Rich:      Yes, that’s right.

Tim:       I’m specifically interested in that second financing instrument. Could you explain a little bit about how these shares work and maybe talk a bit about the risks involved in this type of financing with respect to preserving worker ownership and control, and also how you try to mitigate those risks?

Rich:      Sure. It’s one of the most important questions, right. The way that we have approached the capital question is in keeping with the way we’ve approached every question about how we structure ourselves and our business model. Being the kind of personalities that we are, we have a reflex to reject everything that already exists, and then to start from a blank slate, to ask: if we could do everything with a pure commitment to our ethics, how do we do it? Then we go on a research journey and try and balance our idealism with some pragmatism and come up with something reasonable.

That process last year landed us on the redeemable preference shares, which I had  never heard of ― I don’t know much about investment ― but when I actually got talking with people, it turns out they’re not so rare.

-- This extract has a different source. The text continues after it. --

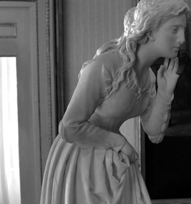 Bernasconi presented his work for the first time at the 1868 Brera Exhibition proposing a perfect translation in marble of a passage found in the twenty-sixth chapter of the book: “The mistress puts her finger to her mouth, listens and is listening. That melancholy air is not new to her: she stands up refreshed, takes her steps lightly, comes to the Veroncello, sticking her head out to better understand each note, then says softly to Lauretta: “It’s the prelude of the Rondinella: but stay, let the song begin”.
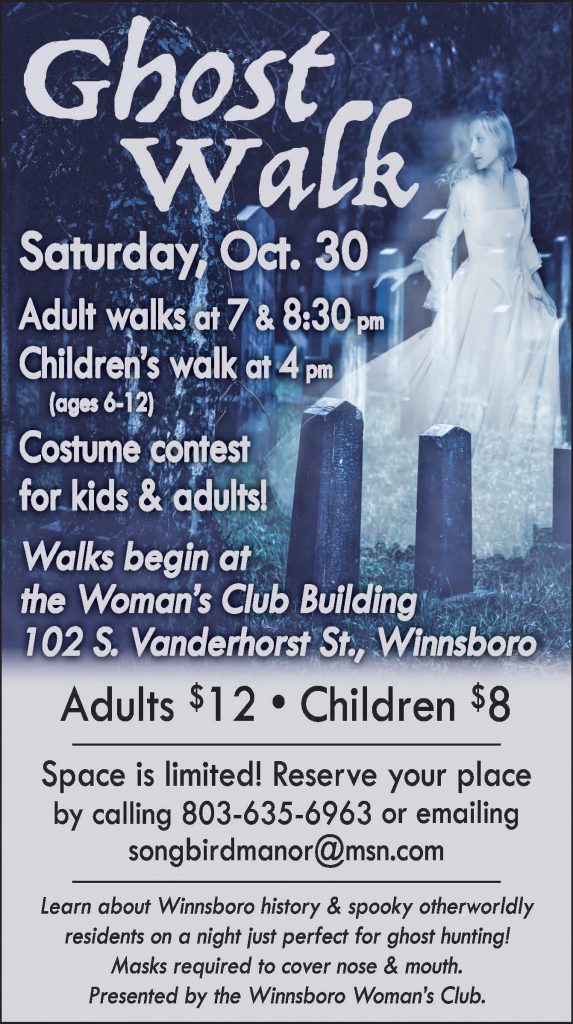 WINNSBORO – Expect something scary to happen during the Winnsboro Woman’s Club annual Ghost Walk on Saturday, Oct. 30.

They have a long history and people were more or less familiar with them. Obviously, they’re not super common in the start-up financing world, but in co-ops they are. I’m not an expert, but as I understand it, here is a handful of people who have invested in us, in a social mission that they care about deeply, and in a group of people that they trust to be credible, a group of people with a track record that makes them think that we’ve got some shot of delivering social impact in future.

In mechanical terms, it’s basically a very generous loan, a loan on very generous terms. There’s no trading of investment for governance rights, so the governance is still 100% with the workers, and the risk remains with the investors. If we default for some reason, then the risk is on them. It’s extraordinarily generous. As for the risk of losing ownership, losing worker control, this is a relatively small financing round as far as they go. To some members, I think it’s probably a ‘getting to know you’ kind of loan. The investors might be up for some more in the future, but I would expect that they would only be up for more if they can have more of a stake in the governance. We’ll design that relationship according to our principles and balancing idealism and pragmatism when we get to that. We’ve got a constitution that is pretty explicit about putting our social mission ahead of any other kind of mission, so we feel pretty confident about that.

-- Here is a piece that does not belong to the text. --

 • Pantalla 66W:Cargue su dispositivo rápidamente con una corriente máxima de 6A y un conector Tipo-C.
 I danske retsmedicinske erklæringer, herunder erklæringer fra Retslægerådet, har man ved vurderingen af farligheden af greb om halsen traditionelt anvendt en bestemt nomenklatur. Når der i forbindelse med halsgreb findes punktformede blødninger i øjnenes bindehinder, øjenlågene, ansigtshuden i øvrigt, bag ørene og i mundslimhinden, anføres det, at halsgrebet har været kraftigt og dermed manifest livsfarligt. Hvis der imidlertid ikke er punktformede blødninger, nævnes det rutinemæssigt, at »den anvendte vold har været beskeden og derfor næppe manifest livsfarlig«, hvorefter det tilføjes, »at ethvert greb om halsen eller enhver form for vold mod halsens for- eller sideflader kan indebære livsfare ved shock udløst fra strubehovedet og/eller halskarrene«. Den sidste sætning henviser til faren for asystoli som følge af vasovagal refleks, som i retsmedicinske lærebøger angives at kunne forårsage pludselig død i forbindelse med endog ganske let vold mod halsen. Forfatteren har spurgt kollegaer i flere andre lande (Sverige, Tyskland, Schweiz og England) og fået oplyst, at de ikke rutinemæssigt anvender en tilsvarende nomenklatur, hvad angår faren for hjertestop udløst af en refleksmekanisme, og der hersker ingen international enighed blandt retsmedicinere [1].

The other component is that the product we’re building lives in the commons, so it’s open-source software. The decision to put the software in the commons really says, “look if at any point in the future the community feels that we’re not doing an effective job of stewarding this product, then anyone else can just take it, fork the code and do their own version.” This creates quite a strong incentive on us to maintain our ethics.

I can certainly imagine at some point in the future that we might do a different kind of investment or we might change the terms in some way that gives the investors a seat at the board or a role in some other kinds of decision making spaces. We will just have to design that in a way that is in alignment with our principles. It is a never ending challenge of being an enterprise that puts social impact over financial impact. You’ve just got to continuously be evaluating the impact you are having in the world and the resources you need to get there and try to make your best judgement calls about designing systems that work for you and still make progress every day.

Tim:       Excellent. I think it would be worth it at this stage asking a second question, and that is, from the beginning, your business has had a radically horizontal structure based on direct democracy and consensus. Could you talk a little bit about the benefits first of this type of organisational structure and also about the challenges this structure presents and how do you work with those challenges?

Rich:      The benefit would be … it’s a long list. Because we have a central organising principle that no one can tell anyone else what to do, we’ve excluded force from the equation. That creates a fundamental shift in what the organisation looks like in practice and it’s quite a big thing. It’s hard to just summarise into a bullet point, list of five benefits or something like that. When you exclude force you immediately get to the question of what do people want to do and why do they want to do it and how do we align what we each want to do into something that’s actually more or less coherent, and productive and progressive? As far as I know the only way to do that is for the individuals involved to actually care about each other. So our organisation sort of requires people to care about each other in a way.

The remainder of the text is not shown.